Requirement: Nothing but the text should be carried over: reproduce all the data exactly and leave out every image.

■ ■ ■

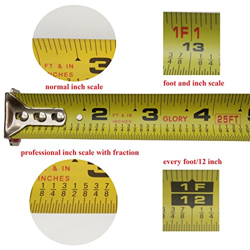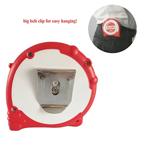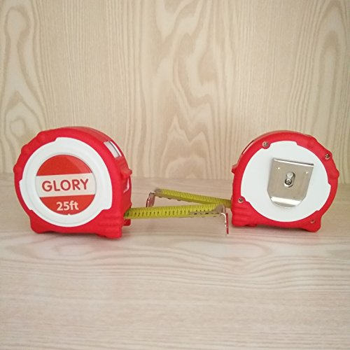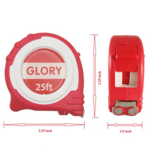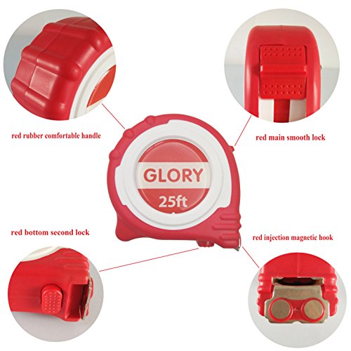 Glory Retractable Measuring Tape Measure 25 Feet length with Magnetic Hook, Professional Inch Blade With Fraction, Red rubber Comfortable handle
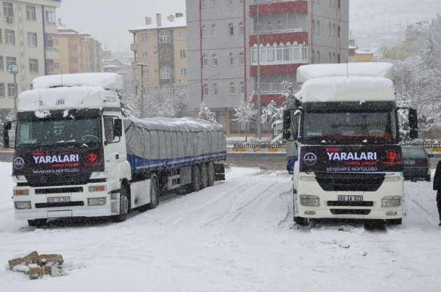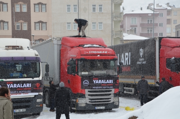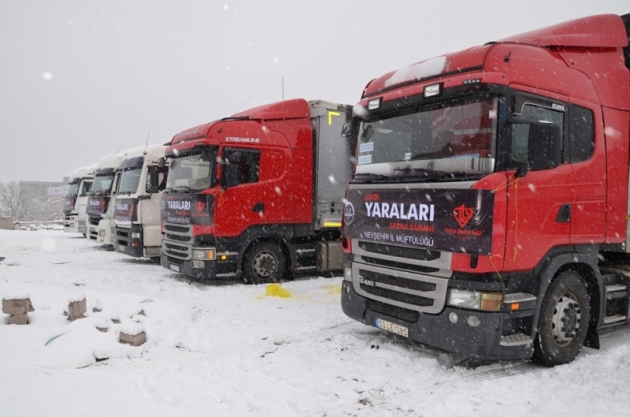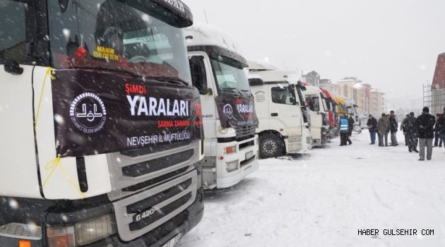 Törende Nevşehir İl Müftüsü Yakup Öztürk’ün yaptığı duanın ardından yardım tırları yola çıktı.
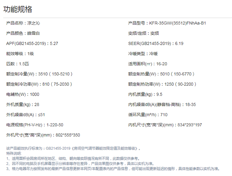格力·凉之沁新国标一级节能正1.5匹挂式空调 KFR-35GW/(35512)FNhAa-B1
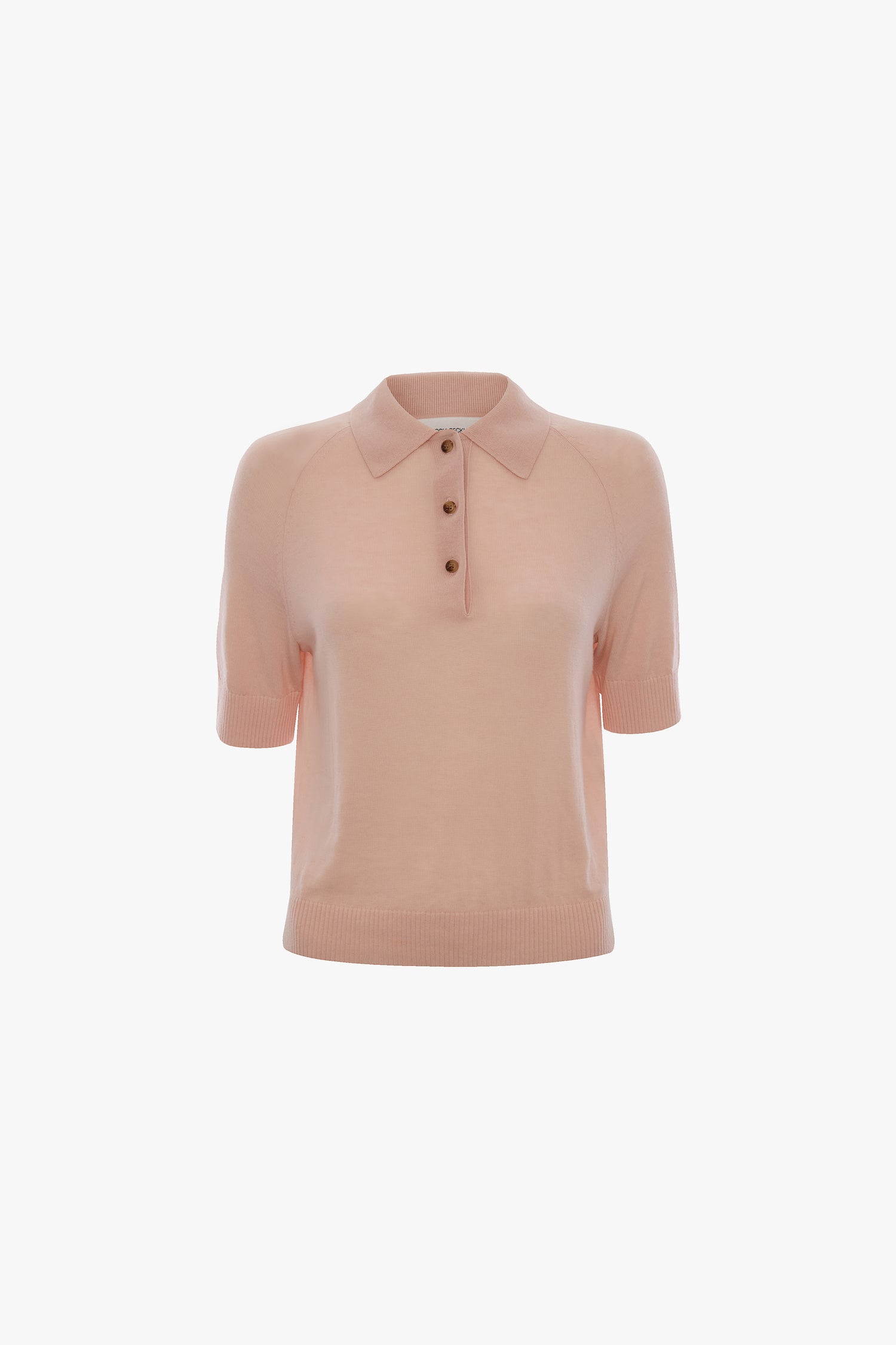 Casual but refined, the Polo Top in Pale Rose is crafted from a lightweight, fine-gauge knit. It has a traditional collar with buttons, relaxed raglan sleeves and a ribbed trim. It is finished with a Victoria Beckham embroidered tape at the back of the neck.
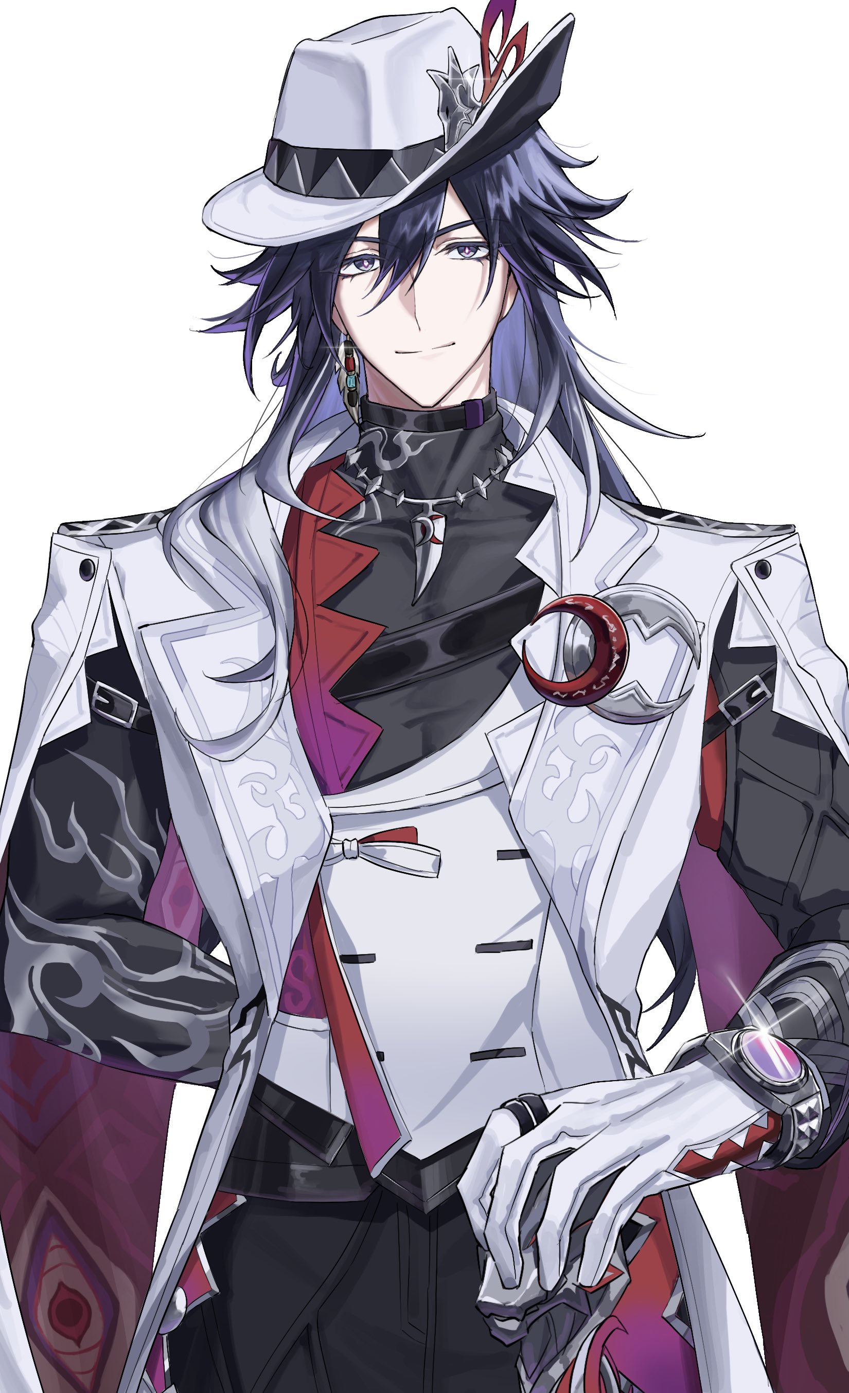 1boy absurdres ashveil_(honkai:_star_rail) black_hair black_pants black_shirt cane commentary crescent crescent_pin fedora gloves gradient_hair hat hat_ornament highres holding holding_cane honkai:_star_rail honkai_(series) jacket jewelry kano_kano_777 lapel_pin long_hair male_focus multicolored_hair necklace pants purple_eyes shirt simple_background solo tooth_necklace turtleneck watch white_background white_gloves white_hair white_hat white_jacket wristwatch
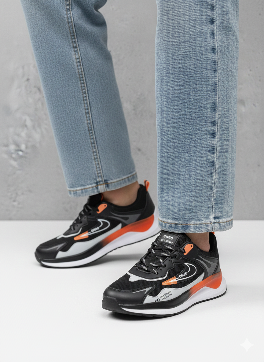 کتونی اسپرت مردانه مدل نایک فشیون Fashion رنگ مشکی نارنجی
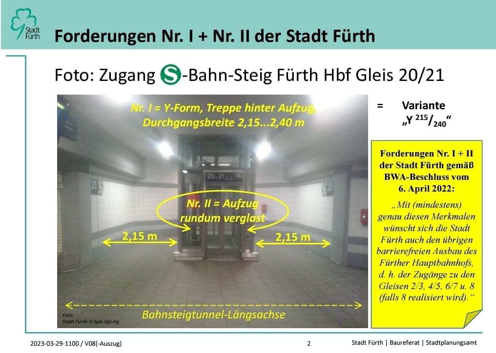 Diese will aus Kostengründen den Durchgang rechts und links neben den neuen Aufzügen nur sehr schmal ausführen. Dadurch würde Gedränge unter den Fahrgästen entstehen. Bei den von uns und der Stadt Fürth geforderten breiteren Gängen muss die Deckenkonstruktion verstärkt werden. Diese Mehrkosten will die Deutsche Bahn nun auf die Stadt Fürth abwälzen. Deshalb stockt zur Zeit der Bau der dringend benötigten 3 Aufzüge.
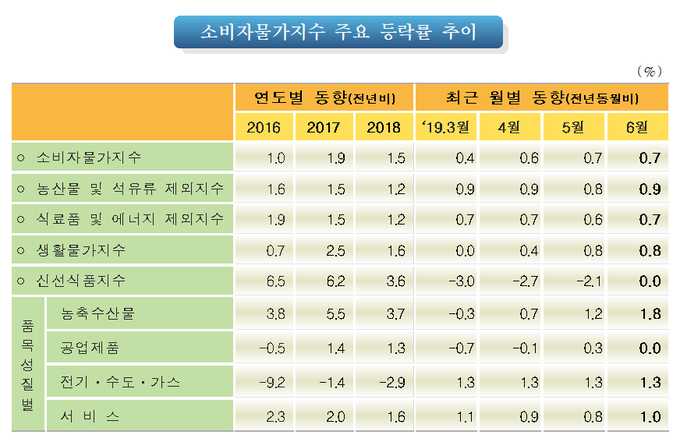 1∼6월 전년 대비 누계 상승률은 0.6%로, 2015년 1∼6월(0.6%) 이후 가장 낮은 수준이다.

■ ■ ■

Solution:
 Glory Retractable Measuring Tape Measure 25 Feet length with Magnetic Hook, Professional Inch Blade With Fraction, Red rubber Comfortable handle
 Törende Nevşehir İl Müftüsü Yakup Öztürk’ün yaptığı duanın ardından yardım tırları yola çıktı.
格力·凉之沁新国标一级节能正1.5匹挂式空调 KFR-35GW/(35512)FNhAa-B1
 Casual but refined, the Polo Top in Pale Rose is crafted from a lightweight, fine-gauge knit. It has a traditional collar with buttons, relaxed raglan sleeves and a ribbed trim. It is finished with a Victoria Beckham embroidered tape at the back of the neck.
 1boy absurdres ashveil_(honkai:_star_rail) black_hair black_pants black_shirt cane commentary crescent crescent_pin fedora gloves gradient_hair hat hat_ornament highres holding holding_cane honkai:_star_rail honkai_(series) jacket jewelry kano_kano_777 lapel_pin long_hair male_focus multicolored_hair necklace pants purple_eyes shirt simple_background solo tooth_necklace turtleneck watch white_background white_gloves white_hair white_hat white_jacket wristwatch
 کتونی اسپرت مردانه مدل نایک فشیون Fashion رنگ مشکی نارنجی
 Diese will aus Kostengründen den Durchgang rechts und links neben den neuen Aufzügen nur sehr schmal ausführen. Dadurch würde Gedränge unter den Fahrgästen entstehen. Bei den von uns und der Stadt Fürth geforderten breiteren Gängen muss die Deckenkonstruktion verstärkt werden. Diese Mehrkosten will die Deutsche Bahn nun auf die Stadt Fürth abwälzen. Deshalb stockt zur Zeit der Bau der dringend benötigten 3 Aufzüge.
 1∼6월 전년 대비 누계 상승률은 0.6%로, 2015년 1∼6월(0.6%) 이후 가장 낮은 수준이다.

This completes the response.